Pick out each line of the records that includes the string "Conference", and copy it.

(SUPPLIED MATERIAL Opens)

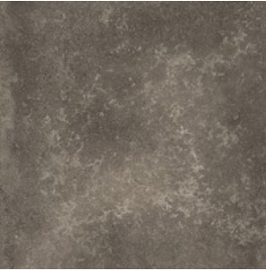
A001-02 Natural Stones - Marone Dark Marble
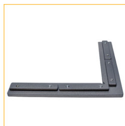
10. Frame Corner connector HD
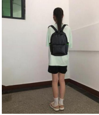
Figure 1: Product usage diagram
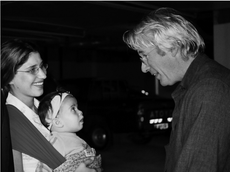
Richard Gere’s recent visit to the Middle East brought excitement, joy and hope to people of diverse histories, offering the prospect of healing and peace.
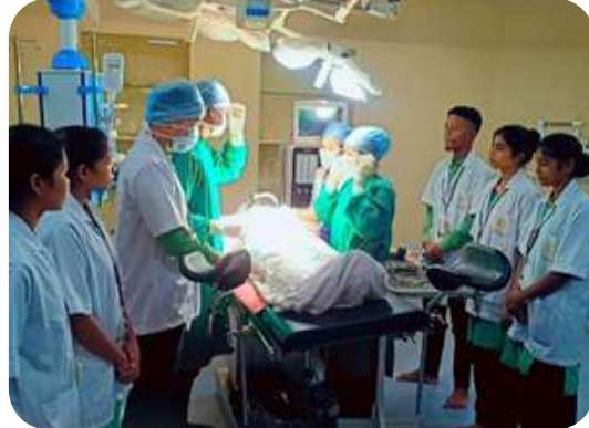
Training of students in Operation Theatre sector as a collaboration between Centurion University and NMDC

Centurion University has also collaborated with LTIMindtree to train 29 students from different underserved localities of Odisha in Phlebotomy technique.
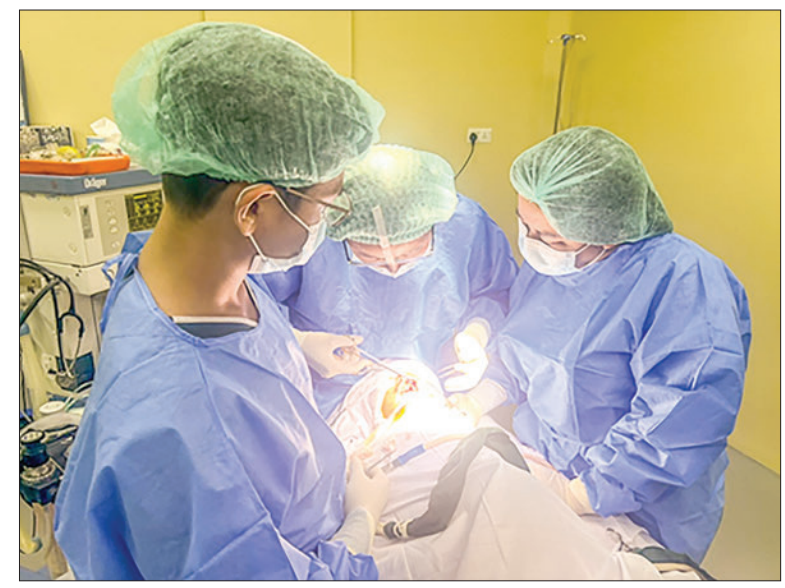
Pre-Conference Activities at Pathein General Hospital

* Global Perspective: The Myanmar Dental Health Science Conference brings together professionals from around the world. This diverse perspective can help attendees gain a broader understanding of dental
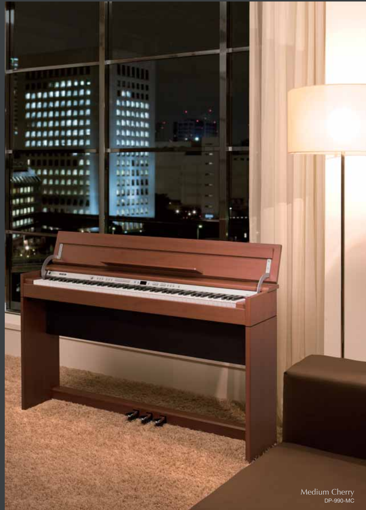
Medium Cherry DP-990-MC
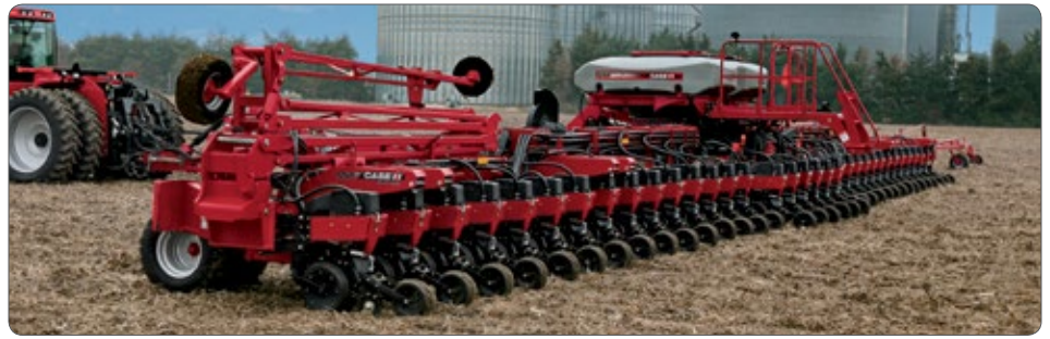
Case IH Early Riser® planters are designed with agronomics in mind and have multiple, patented features. The legendary Early Riser row unit has 12 unique features that all contribute to earlier, more uniform emergence, as well as an Advanced Seed Meter for accurate in-row spacing and population control.

Visit www.CaseIH.com/Agronomic Design to learn more about agronomic considerations when planting or seeding.

(SUPPLIED MATERIAL Closes)

=== PROBLEM SOLUTION ===
Pre-Conference Activities at Pathein General Hospital
* Global Perspective: The Myanmar Dental Health Science Conference brings together professionals from around the world. This diverse perspective can help attendees gain a broader understanding of dental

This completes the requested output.